Friday, September 30, 2005

Hell

It is a FACT that Hell is illuminated by sodium discharge lighting, which, as we all surely know by now, gives VERY POOR colour rendering capability and an unfortunate dusky peach ambience. The muses are repelled and this may well provide an explanation as to why no English word can be found to rhymme with "orange".

2 Comments:

Anonymous Anonymous said...

We've just launched a new web site for our company (click on name).

I would like to find some case study that shows crime prevention as a result of more lighting.
Do you have any such thing?

5:51 pm  
Blogger Ade Brown said...

Hi Pat,

The best research I've found addressing the influence of street-lighting on crime is that of Dr. Barry Clarke. I've linked Part 1 of this detailed report on the sidebar; Part 2 is available from the Astronomical Society of Victoria's homepage. This study tended to find against high artificial lighting levels as an answer to crime and disorder.

A piece of meta-analysis you may be interested in is the Farrington & Welsh report, Home Office Research Study 251 pub.2002:

Effects of improved street lighting on crime: a systematic review

Bear in mind the following caveats:

1/ This is a piece of meta-analysis: the researchers used data from previous studies, some quite old, to arrive at their conclusions. Which studies were selected for inclusion and which were not selected could tell us something about researcher-bias and the remit dictated by the politicians the thing was written for.

2/ There was no investigation into, or discussion of, the role lighting type had on the figures given. This was an analysis of what happens [or appears to happen] when the brightness is turned up, nothing more.

3/ Read Paul Marchant's critique of this study, and the British Home Office's subsequent interpretation of it's findings [linked from sidebar].

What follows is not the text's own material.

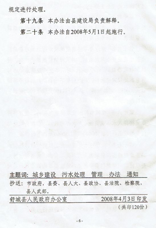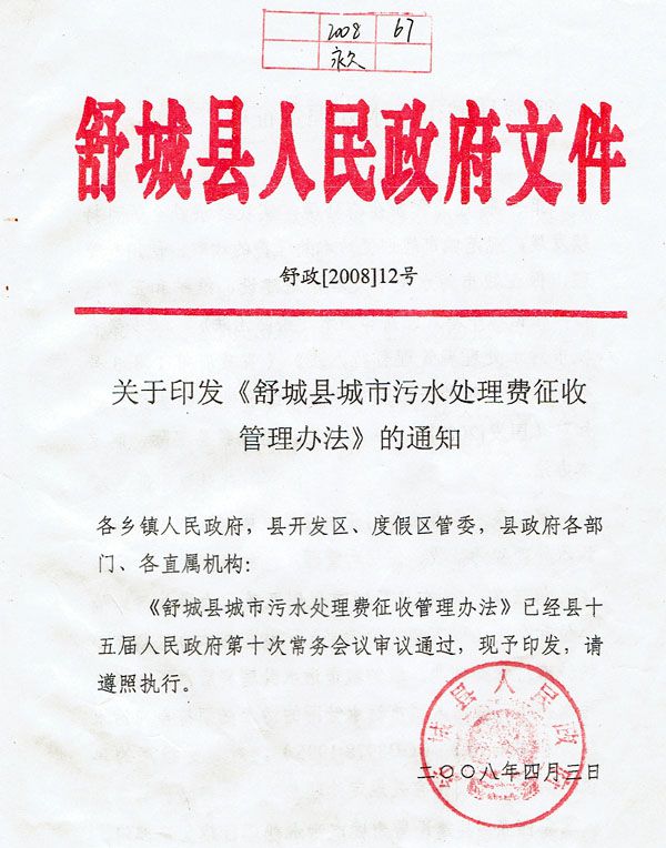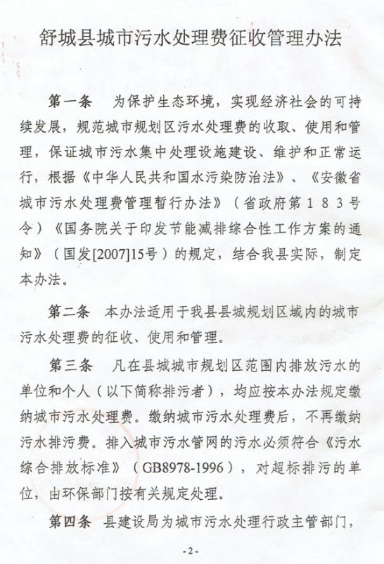 關(guān)于印發(fā)《舒城縣城市污水處理費(fèi)征收管理辦法》的通知
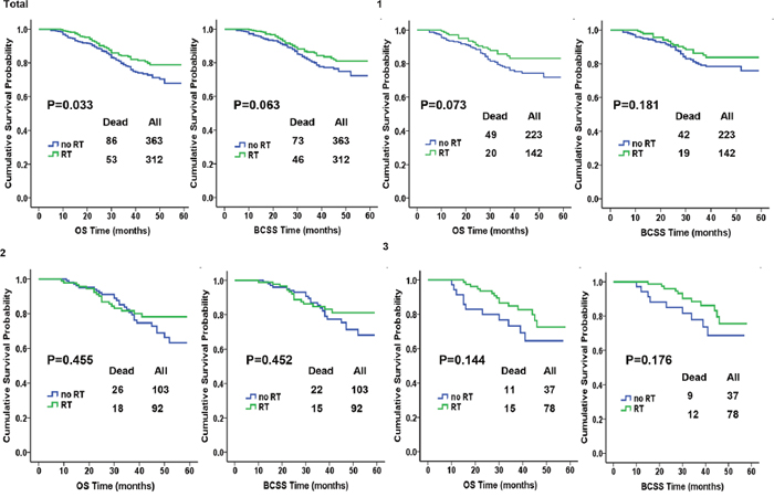 In order to further investigate the effect of PMRT for TNBC patients, we performed multivariate analysis, stratifying according to the number of positive lymph node, which ruled out the impact of unbalanced distribution of chemotherapy between RT and no-RT groups. As shown in Table 3, when HRs of the three subgroups were conducted, no significant improvements in BCSS and OS were observed after PMRT.

But hey, a bit of selective quoting could serve a useful end if it goes any distance toward helping get rid of ugly HPS lights and replacing them with cool-white LED's. [And the whole-life cost-comparison against existing sodium-discharge lamps looks to be what our dear politicians might term "compelling". Said politicians still need to get out of what you call the "lumen legacy" though and, to this end, I fear some further education may be necessary.]